We investigate how uncertainty in metabolite annotation impacts inference regarding pathway activity. Before running PUMA, each mass measurement is attributed to a presumed active metabolite, thus removing annotation uncertainty. Results (Figures S1B, S2B, and S3B) show a similar trend to those in Figures S1A, S2A, and S3A. A similar trend holds when each measured mas is randomly assigned a metabolite amongst model metabolites with the same mass as a measured mass (Figures S1C, S2C, and S3C). This result emphasizes that computing pathway activities without the explicit step of performing metabolite annotation via spectral databases or annotation tools is a profitable approach. PUMA can, therefore, be used to accelerate the process of pathway activity analysis by direct use of mass measurements and bypassing metabolite annotation using spectral databases.
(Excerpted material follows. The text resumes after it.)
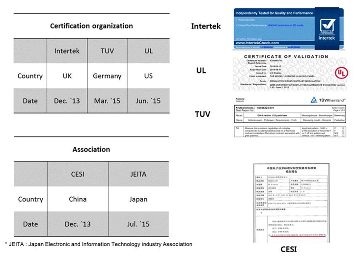 مهمترین استانداردی که هر تلویزیونی باید بگیردISO است که الجی موفق به دریافت آن شده است. بعد از آن کار به معتبرترین موسسهها و شرکتهای تایید اعتبار و استانداردسازی است که در بحث صفحهنمایش و تلویزیون سابقه طولانی دارند. سازمانهایی مثل Intertek ، TUV و UL که به صورت جهانی تعریفهای مشترکی از نحوه حساب کردن تعداد پیکسلهای تلویزیون دارند و هر سه آنها تلویزیون RGBW الجی را به عنوان 4K واقعی تایید کردهاند. همچنین بزرگترین موسسههای فناوری در ژاپن و چین یعنی JEITA و CESI هم تلویزیون الجی را به عنوان 4K واقعی تایید کردهاند. در ادامه میتوانید گواهینامههای مربوطه را مشاهده کنید.

We further investigated the robustness of the model to its parameters. While prior runs assumed that the probability of observing a metabolite due to a particular pathway activity was 0.5, we varied the corresponding model parameter

μ

to 0.25 and to 0.75 and re-ran PUMA. The results (Figure S4) show that inference is dominated by other aspects of the model and that inference is robust to this model parameter.

3.2. Case Study: Chinese Hamster Ovary (CHO) Cell

We apply PUMA to LC-MS (Liquid-Chromatography Mass Spectrometry) metabolomics data for CHO cell cultures belonging to a low growth cell line [15] (Supplementary Table S1). LC-MS data was collected under three different combinations of liquid chromatography methods and positive or negative ionization modes. The authors processed the data using the CAMERA tool and the dataset was limited to masses corresponding to ions formed through protonation or deprotonation. When combined, the data provides a more comprehensive characterization of the sample in the form of 8711 measurements. The metabolic model for the CHO cell was extracted from KEGG [36], based on metabolites and pathways for the cricetulus griseus (Chinese hamster) under organism code cge. The model had 86 pathways, 1534 metabolites, and 722 unique mass measurements. The m/z of the precursor ions in the measurement datasets were adjusted based on the ionization mode by adding or subtracting the mass of one proton. Adjusted measurements ± a 15 ppm are then used to initialize the observation vector

w

for each dataset, as described in Section 2.2. This model and LC-MS dataset were used prior to evaluate BioCAn [15], a tool that aggregates results from spectra databases, annotation tools and network connectivity. The BioCAn evaluation thus provided putative identities in the form of KEGG identities, and also provided annotations using METLIN and HMDB. We, therefore, compare metabolite annotations with those provided for METLIN, HMDB, and BioCAn.

3.2.1. Probabilities of Pathway Activities

Detailed results for each dataset and for the combined data set is provided in Supplementary Table S1. A pathway is considered active if

p (a_{i} | w)

is equal to or greater than 0.5. As mass observations differ from one set of measurements to another, the predicted activity differs among the datasets. A detailed discussion of the results for the individual datasets is provided in Supplementary File S1. The rest of the CHO cell analysis provided here is based on the combined dataset.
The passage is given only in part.